June 27, 2009 at 1:46 pm

Seems that the first one wasn’t perfect.
Here it is: http://interpretor.ru/html5semantics
Tobias Otte says:

July 13, 2009 at 6:52 pm

“German translation available”:http://tobias-otte.de/essays/semantik-in-html-5/
blackdog says:

November 9, 2009 at 1:31 pm

I agree with all the principal points in the article, i have the same opinion about a preferrable use of attributes; but i think they’re breaking compatibility on purpose, we all agree it is stupid to still have concerns about IE6 in 2009 (and soon ’10). If they break the cordon everybody will be happier. And in fact the big push on HTML5 came from browser makers, and looks to me MS wants to be in the game.
In the aftermath we will all have a common base to discuss upon.

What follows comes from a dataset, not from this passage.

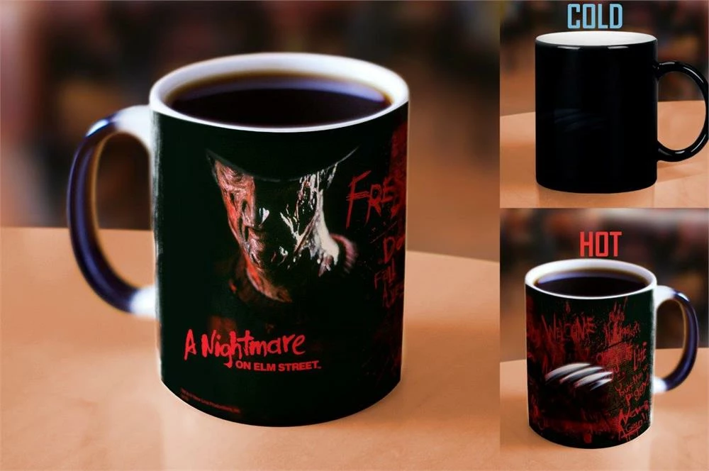 Keep yourself awake, and out of the realm of Freddy Krueger, with this Morphing Mugs heat-sensitive mug. This collectible mug features an officially licensed image collage of Freddy. The exterior of this mug transforms from black as hot liquid is added, revealing the hidden image in full vivid colors.

Afterall i think some new tags would come in handy.
For eg i think that for something as ubiquitous as a calendar, there should exist a tag, it would end the debate wich solution is more semantic (table vs list, that oddly relies on the kind of visualization we want to give), it would spare a lot of code and give more artistic freedom to designers that could target a parameter/class with a simple javascript to radically modify the visualization.
Tchalvakspam says:

January 3, 2010 at 12:43 am

http://wiki.whatwg.org/wiki/FAQ#HTML5_should_support_a_way_for_anyone_to_invent_new_elements.21

Contains some of their responses to the extensibility problem.